* [REQUIRED WORK] The answer must be an exact copy of the lines from the one with "Diese Distanzböcke können" to the last line of the entries below, both included, and must contain no pictures.

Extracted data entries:
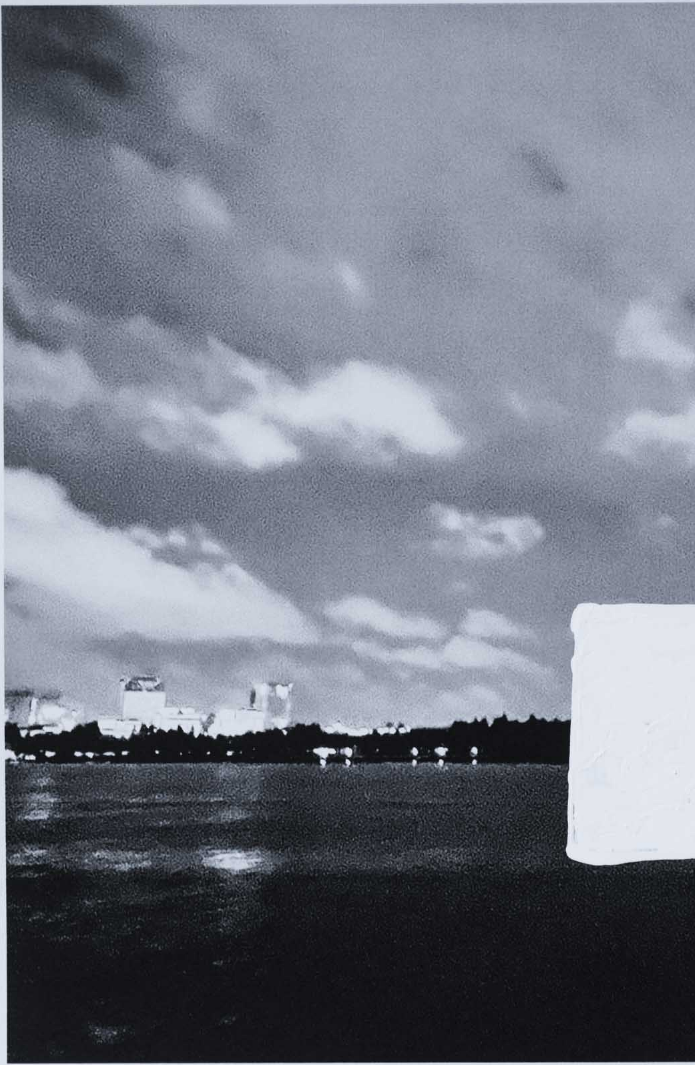
2023年夏末立秋前的黄浦江边。

获释者们深知不能在微信里联系以前的任何一个朋友；被警察没收又归还的手机、电脑似乎随时在搜集新的“罪证”；人们辗转得知其他人的近况，知道他被释放——这样就够了，不必再说什么。很多人就此断联。
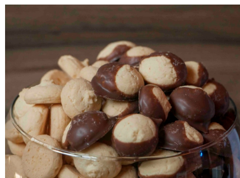
Pingo de Leite Condensado - Biscoito sabor leite condensado
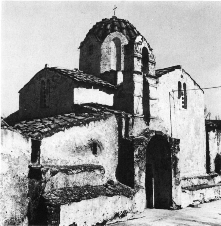
Εικ. 1. 'Ο ναός τῷ Ἁγίου Νικολάου στὸν Ἅγιο Νικόλαο Μονεμβασίας. Ἡ νότια πλευρὰ τοῦ κυρίως ναοῦ.

Στὴν ἀρχὴ τῆς μελέτης (σ. 35-37) παραλείφθηκε νὰ σημειωθεῖ ὅτι στὸ νότιο τοῖχο τοῦ κυρίως ναοῦ, στὴν ἐξωτερικὴ πλευρὰ, χαμηλά, ὑπάρχει βαθυιδωτὸ πεζούλι, διαφορετικοῦ ὕψους, δυτικὰ τοῦ τόξου πού, προστατευτικό, διαμορφώνεται ἔξω ἀπὸ τὴ νότια θύρα (Εἰκ. 1). Στὸ ἐσωτερικὸ τοῦ νότιου τοῖχου τῆς ἐκκλησίας, ἀνατολικά τῆς θύρας, προεξέχει κατὰ 0,19 μ. σὲ μῆκος 1,99 μ. ἔως τὸ τέμπλο γένεση ἡμικυλινδρικοῦ θόλου. Δόντι στὸ δυτικὸ ἄκρο τῆς προεξοχῆς ἴσως μαρτυρεῖ πὼς ὑπῆρχε ἐκεῖ ἐνισχυτικὴ ζώνη. Τὰ στοιχεῖα αὐτὰ προδίδουν ἀρχαιότερη ἀπὸ τὴν τωρινὴ φάση τοῦ μνημείου. Συνηγορεῖ καὶ τὸ παλαιότερο στρώμα τοιχογραφήσεως, πού φαίνεται μέσα στὸ ἱερό, πάντα στὸ νότιο τοῖχο, πλάι στὸν ἅγιο τοῦ πίν. 9 (ΔΧΑΕ, ὁ.π.), ὁ ὁποῖος ἐκ παραδρομῆς ἐκεῖ, ὅπως καὶ στὴ σ. 37, θεωρήθηκε ὡς ἀνήκων στὸ α' στρώμα. Κι ἂς σημειωθεῖ ὅτι σύμφωνα μὲ ντόπια παράδοση,
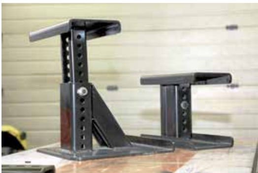
Diese Distanzböcke können die Höhe eines Doppelbodens überbrücken.
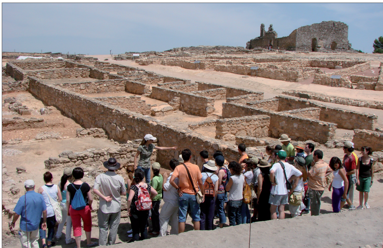
FIGURA 18. Grupo de visitantes en el yacimiento arqueológico de Recópolis.

Según, precisamente, la AIP, la Interpretación del Patrimonio es «el arte de revelar in situ el significado del legado natural, cultural o histórico, al público que visita esos lugares en su tiempo de ocio». Esta definición nos aproxima no sólo a la esencia misma de la Interpretación del Patrimonio (IP), sino que matiza ciertos sustantivos dotándoles así de

* [EXERCISE RESULT]
Diese Distanzböcke können die Höhe eines Doppelbodens überbrücken.
FIGURA 18. Grupo de visitantes en el yacimiento arqueológico de Recópolis.

Según, precisamente, la AIP, la Interpretación del Patrimonio es «el arte de revelar in situ el significado del legado natural, cultural o histórico, al público que visita esos lugares en su tiempo de ocio». Esta definición nos aproxima no sólo a la esencia misma de la Interpretación del Patrimonio (IP), sino que matiza ciertos sustantivos dotándoles así de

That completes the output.